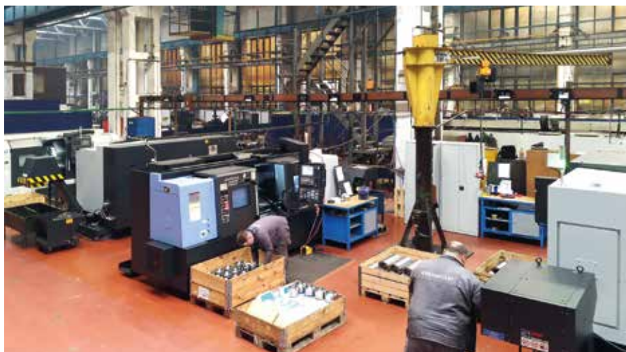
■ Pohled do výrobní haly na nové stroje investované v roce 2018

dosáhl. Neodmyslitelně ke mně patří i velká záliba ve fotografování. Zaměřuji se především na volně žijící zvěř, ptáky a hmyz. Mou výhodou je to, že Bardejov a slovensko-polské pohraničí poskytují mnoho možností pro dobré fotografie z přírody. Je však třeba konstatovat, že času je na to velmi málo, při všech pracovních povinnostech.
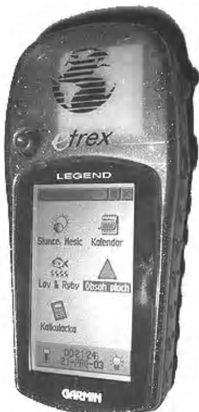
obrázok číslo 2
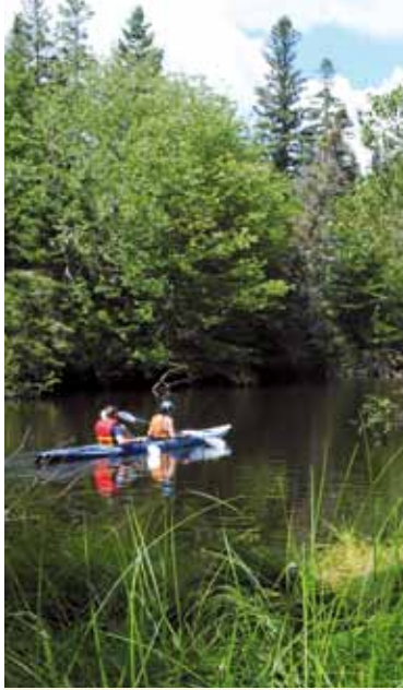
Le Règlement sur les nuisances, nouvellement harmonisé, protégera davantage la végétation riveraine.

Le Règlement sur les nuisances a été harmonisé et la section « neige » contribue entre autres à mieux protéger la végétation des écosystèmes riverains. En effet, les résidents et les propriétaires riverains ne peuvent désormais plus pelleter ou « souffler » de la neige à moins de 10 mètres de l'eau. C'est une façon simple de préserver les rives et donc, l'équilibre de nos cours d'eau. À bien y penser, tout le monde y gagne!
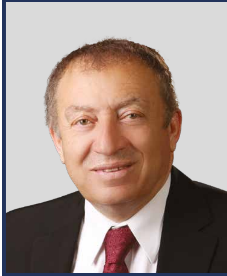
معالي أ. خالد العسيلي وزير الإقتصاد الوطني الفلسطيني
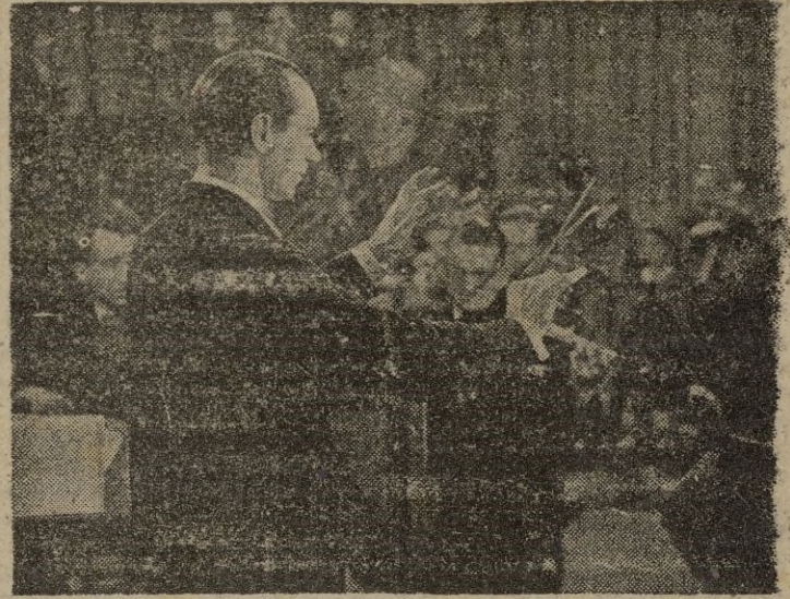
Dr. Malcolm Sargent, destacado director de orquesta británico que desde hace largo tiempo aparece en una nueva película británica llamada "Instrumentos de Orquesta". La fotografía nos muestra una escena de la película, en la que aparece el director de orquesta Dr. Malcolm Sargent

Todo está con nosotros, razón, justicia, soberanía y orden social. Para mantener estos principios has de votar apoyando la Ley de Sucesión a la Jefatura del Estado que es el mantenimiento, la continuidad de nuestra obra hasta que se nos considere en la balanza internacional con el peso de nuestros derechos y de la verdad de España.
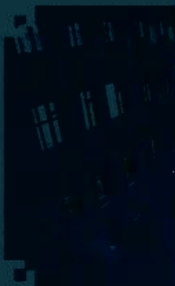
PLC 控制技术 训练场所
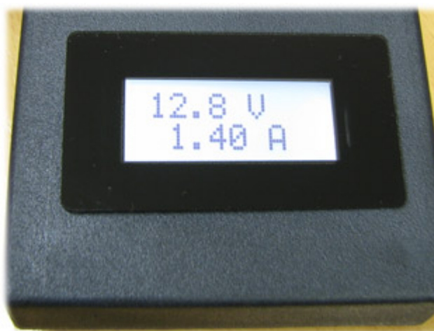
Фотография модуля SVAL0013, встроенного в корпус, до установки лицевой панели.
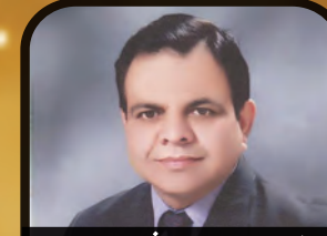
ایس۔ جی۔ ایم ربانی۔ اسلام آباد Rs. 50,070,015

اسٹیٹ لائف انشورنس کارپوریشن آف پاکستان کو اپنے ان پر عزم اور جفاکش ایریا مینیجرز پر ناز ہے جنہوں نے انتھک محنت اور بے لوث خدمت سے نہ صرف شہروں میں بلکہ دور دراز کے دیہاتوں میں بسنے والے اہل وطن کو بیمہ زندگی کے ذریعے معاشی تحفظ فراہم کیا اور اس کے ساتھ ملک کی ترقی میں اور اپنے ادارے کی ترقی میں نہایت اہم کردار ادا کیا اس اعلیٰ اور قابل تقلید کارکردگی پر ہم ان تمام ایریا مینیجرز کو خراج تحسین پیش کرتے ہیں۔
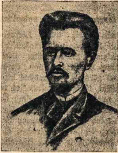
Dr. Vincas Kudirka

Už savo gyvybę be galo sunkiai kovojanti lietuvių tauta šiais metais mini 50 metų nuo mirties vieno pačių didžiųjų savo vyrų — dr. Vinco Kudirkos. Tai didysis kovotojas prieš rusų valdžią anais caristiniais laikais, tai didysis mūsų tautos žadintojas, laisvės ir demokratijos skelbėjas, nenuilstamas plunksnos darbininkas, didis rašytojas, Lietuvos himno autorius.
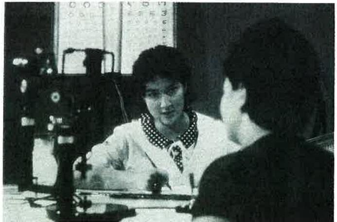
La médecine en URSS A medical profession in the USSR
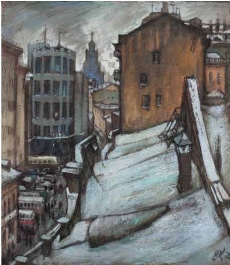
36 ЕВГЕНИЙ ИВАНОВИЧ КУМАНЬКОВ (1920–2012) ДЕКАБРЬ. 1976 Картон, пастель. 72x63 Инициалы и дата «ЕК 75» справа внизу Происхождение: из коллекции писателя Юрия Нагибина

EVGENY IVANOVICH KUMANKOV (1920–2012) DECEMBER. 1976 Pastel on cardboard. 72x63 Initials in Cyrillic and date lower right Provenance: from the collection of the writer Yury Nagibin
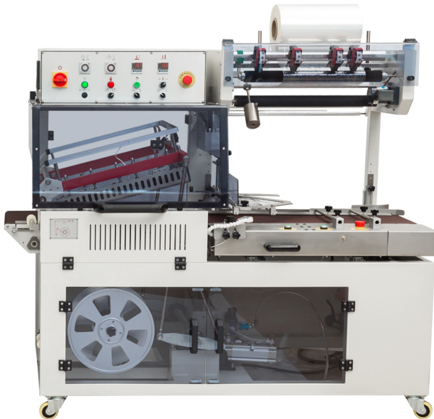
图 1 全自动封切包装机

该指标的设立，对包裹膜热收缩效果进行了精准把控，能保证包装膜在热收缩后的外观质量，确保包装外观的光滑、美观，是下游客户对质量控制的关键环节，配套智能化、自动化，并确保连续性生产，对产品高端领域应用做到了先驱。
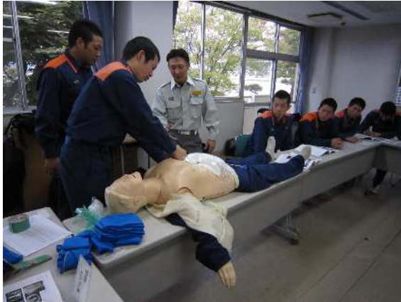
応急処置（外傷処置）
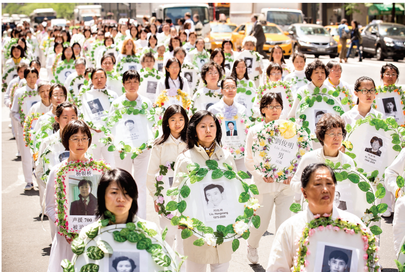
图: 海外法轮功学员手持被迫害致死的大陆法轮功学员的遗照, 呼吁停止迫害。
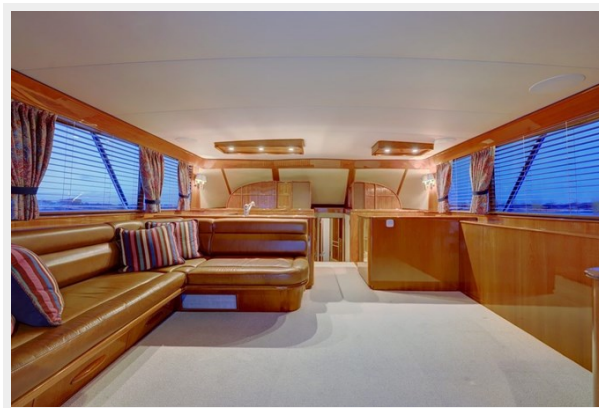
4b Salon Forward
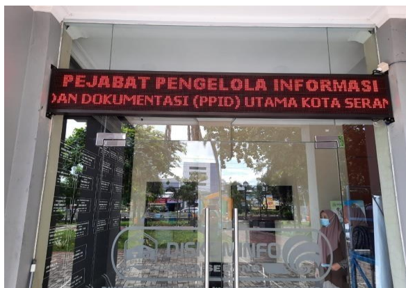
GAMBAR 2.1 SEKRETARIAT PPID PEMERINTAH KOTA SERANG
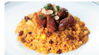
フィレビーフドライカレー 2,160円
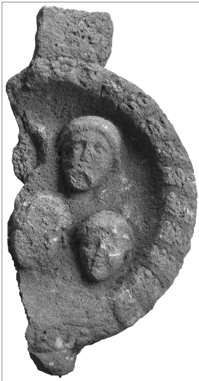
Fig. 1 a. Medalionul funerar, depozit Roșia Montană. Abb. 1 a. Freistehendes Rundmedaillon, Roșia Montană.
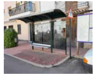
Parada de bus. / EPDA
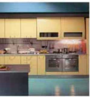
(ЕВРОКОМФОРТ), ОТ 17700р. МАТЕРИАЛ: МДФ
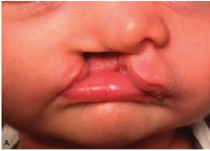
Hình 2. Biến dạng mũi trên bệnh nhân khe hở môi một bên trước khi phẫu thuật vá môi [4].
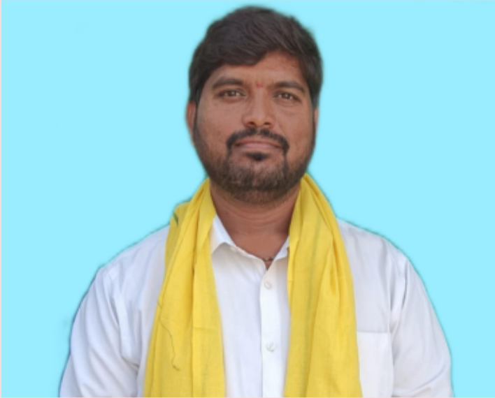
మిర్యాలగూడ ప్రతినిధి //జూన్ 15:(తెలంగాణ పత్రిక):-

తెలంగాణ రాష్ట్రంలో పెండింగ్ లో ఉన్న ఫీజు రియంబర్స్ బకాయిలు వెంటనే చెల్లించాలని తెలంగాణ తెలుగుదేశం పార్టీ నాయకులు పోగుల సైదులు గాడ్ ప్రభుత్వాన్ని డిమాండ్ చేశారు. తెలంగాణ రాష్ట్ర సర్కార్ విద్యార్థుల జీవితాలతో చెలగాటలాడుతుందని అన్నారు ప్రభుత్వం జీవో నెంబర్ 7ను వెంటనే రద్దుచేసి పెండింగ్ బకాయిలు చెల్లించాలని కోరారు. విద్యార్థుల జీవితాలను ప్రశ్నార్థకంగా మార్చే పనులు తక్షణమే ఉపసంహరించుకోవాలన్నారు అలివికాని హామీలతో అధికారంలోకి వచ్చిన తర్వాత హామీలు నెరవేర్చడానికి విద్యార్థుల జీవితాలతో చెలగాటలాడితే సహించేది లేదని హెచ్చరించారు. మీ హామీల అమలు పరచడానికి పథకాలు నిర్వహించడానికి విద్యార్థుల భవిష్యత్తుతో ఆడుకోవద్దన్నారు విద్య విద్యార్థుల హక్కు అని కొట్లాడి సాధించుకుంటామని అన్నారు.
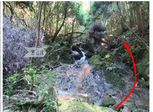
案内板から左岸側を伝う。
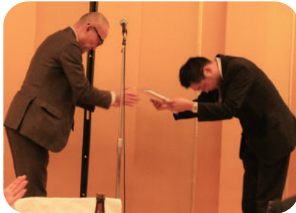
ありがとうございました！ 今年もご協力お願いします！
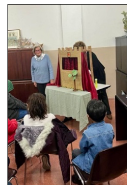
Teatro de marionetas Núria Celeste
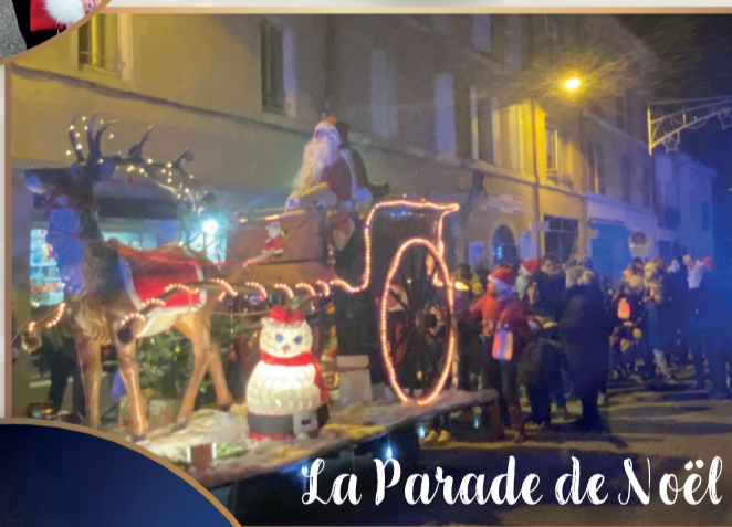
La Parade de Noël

========================

Exercise description: For the string "harmonisé", return every line of the data where it appears.

Answer space:
Le Règlement sur les nuisances, nouvellement harmonisé, protégera davantage la végétation riveraine.
Le Règlement sur les nuisances a été harmonisé et la section « neige » contribue entre autres à mieux protéger la végétation des écosystèmes riverains. En effet, les résidents et les propriétaires riverains ne peuvent désormais plus pelleter ou « souffler » de la neige à moins de 10 mètres de l'eau. C'est une façon simple de préserver les rives et donc, l'équilibre de nos cours d'eau. À bien y penser, tout le monde y gagne!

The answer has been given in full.